#### [DIRECTIONS FOR THIS TASK]
Could you copy exactly the lines below, beginning at the line with "W głównej części" and stopping after the line with "Moderne 4-roms hjørneleilighet.", with no pictures?
*** DATA SUPPLIED Section Begins ***
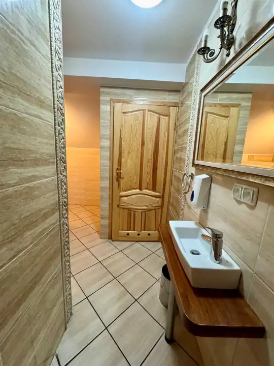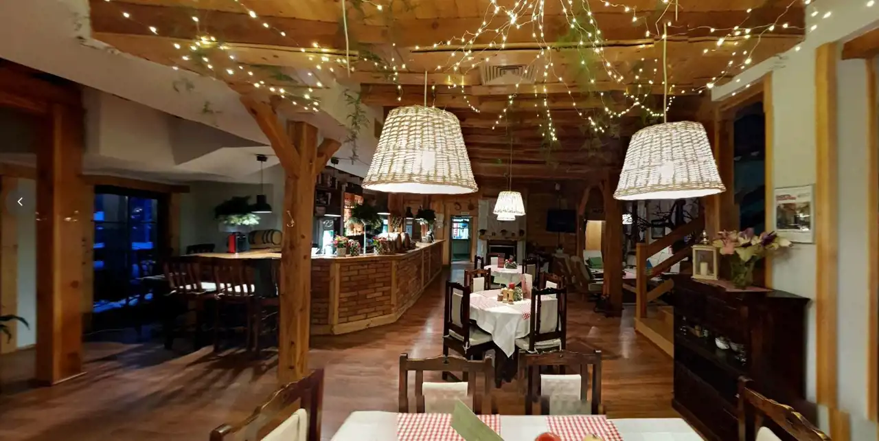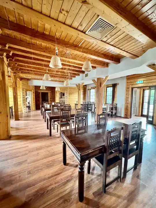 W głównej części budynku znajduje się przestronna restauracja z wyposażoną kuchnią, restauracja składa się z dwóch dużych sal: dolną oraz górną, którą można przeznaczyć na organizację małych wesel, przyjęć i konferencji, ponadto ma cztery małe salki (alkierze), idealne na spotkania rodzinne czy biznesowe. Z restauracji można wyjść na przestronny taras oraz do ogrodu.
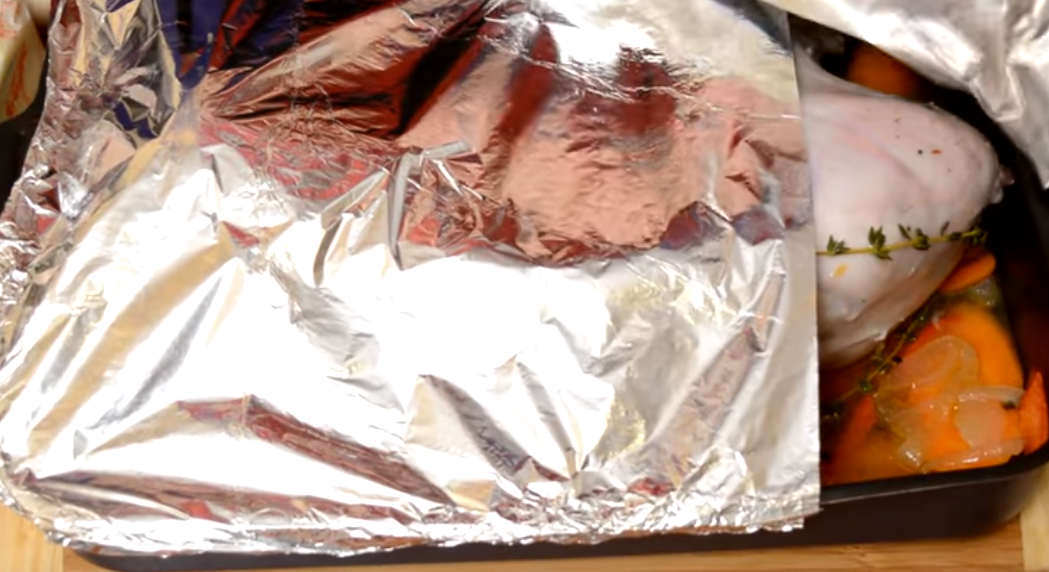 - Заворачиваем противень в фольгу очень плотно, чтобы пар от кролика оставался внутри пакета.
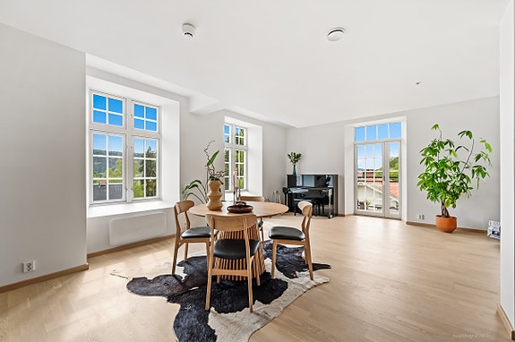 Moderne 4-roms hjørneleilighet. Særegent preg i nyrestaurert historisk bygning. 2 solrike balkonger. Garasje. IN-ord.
*** DATA SUPPLIED Section Ends ***
*** DATA SUPPLIED Section Begins ***
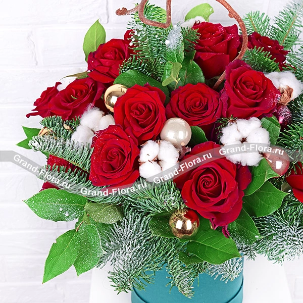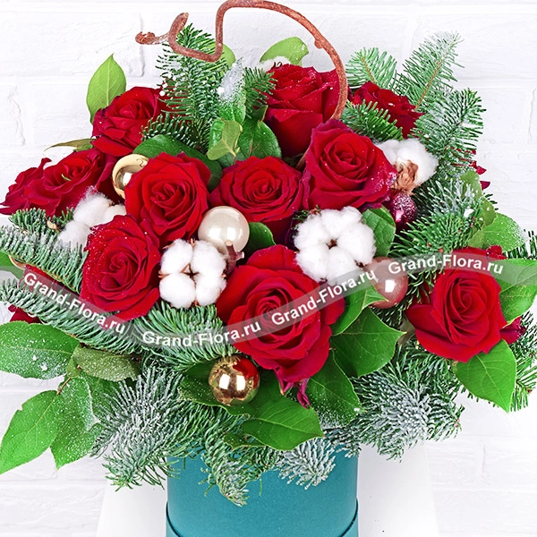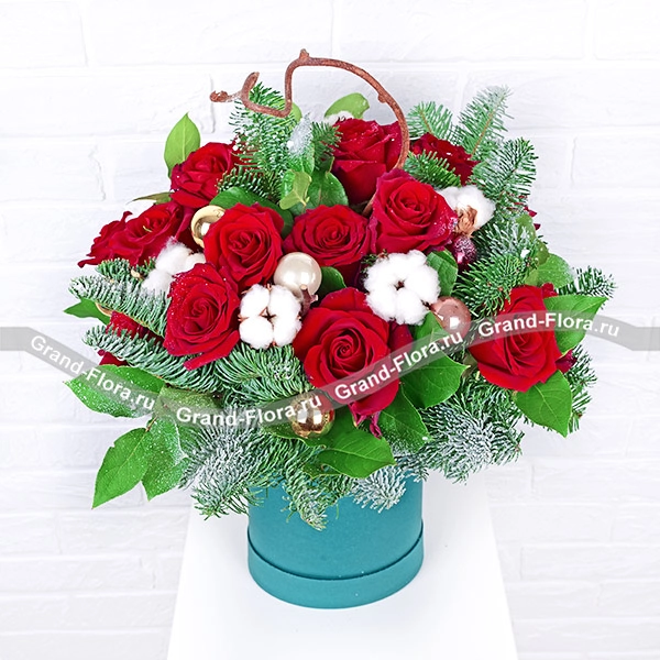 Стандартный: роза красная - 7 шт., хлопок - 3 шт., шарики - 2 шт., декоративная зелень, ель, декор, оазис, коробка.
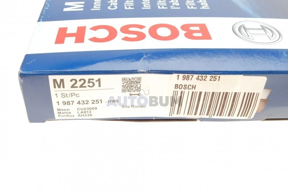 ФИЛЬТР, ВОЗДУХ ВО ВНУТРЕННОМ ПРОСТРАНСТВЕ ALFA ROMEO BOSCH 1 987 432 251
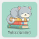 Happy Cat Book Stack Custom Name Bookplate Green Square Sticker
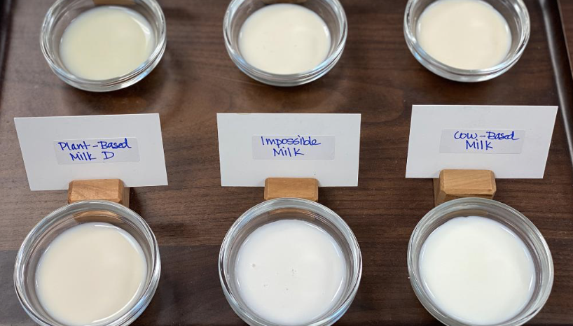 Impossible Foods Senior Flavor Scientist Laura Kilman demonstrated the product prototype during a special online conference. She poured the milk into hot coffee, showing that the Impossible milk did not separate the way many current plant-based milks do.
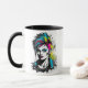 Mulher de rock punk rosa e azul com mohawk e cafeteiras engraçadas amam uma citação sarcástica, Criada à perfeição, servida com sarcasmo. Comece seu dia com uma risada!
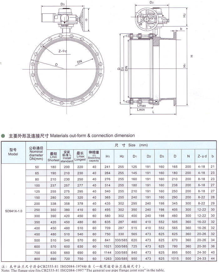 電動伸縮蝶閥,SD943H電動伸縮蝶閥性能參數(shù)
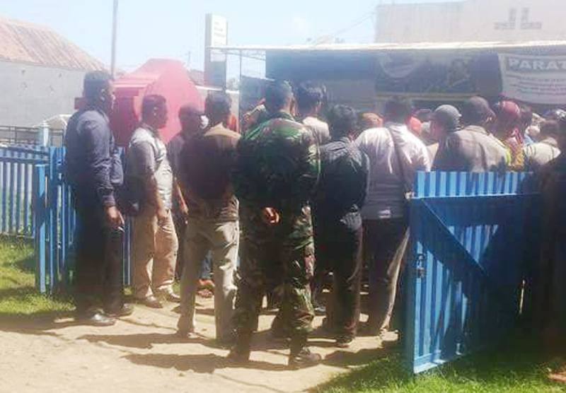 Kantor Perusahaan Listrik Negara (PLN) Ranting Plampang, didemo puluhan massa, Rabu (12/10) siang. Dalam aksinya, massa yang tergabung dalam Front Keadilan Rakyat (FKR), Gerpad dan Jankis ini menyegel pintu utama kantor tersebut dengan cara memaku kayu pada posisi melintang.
*** DATA SUPPLIED Section Ends ***
#### [SOLUTION FOR THIS EXERCISE]
 W głównej części budynku znajduje się przestronna restauracja z wyposażoną kuchnią, restauracja składa się z dwóch dużych sal: dolną oraz górną, którą można przeznaczyć na organizację małych wesel, przyjęć i konferencji, ponadto ma cztery małe salki (alkierze), idealne na spotkania rodzinne czy biznesowe. Z restauracji można wyjść na przestronny taras oraz do ogrodu.
 - Заворачиваем противень в фольгу очень плотно, чтобы пар от кролика оставался внутри пакета.
 Moderne 4-roms hjørneleilighet. Særegent preg i nyrestaurert historisk bygning. 2 solrike balkonger. Garasje. IN-ord.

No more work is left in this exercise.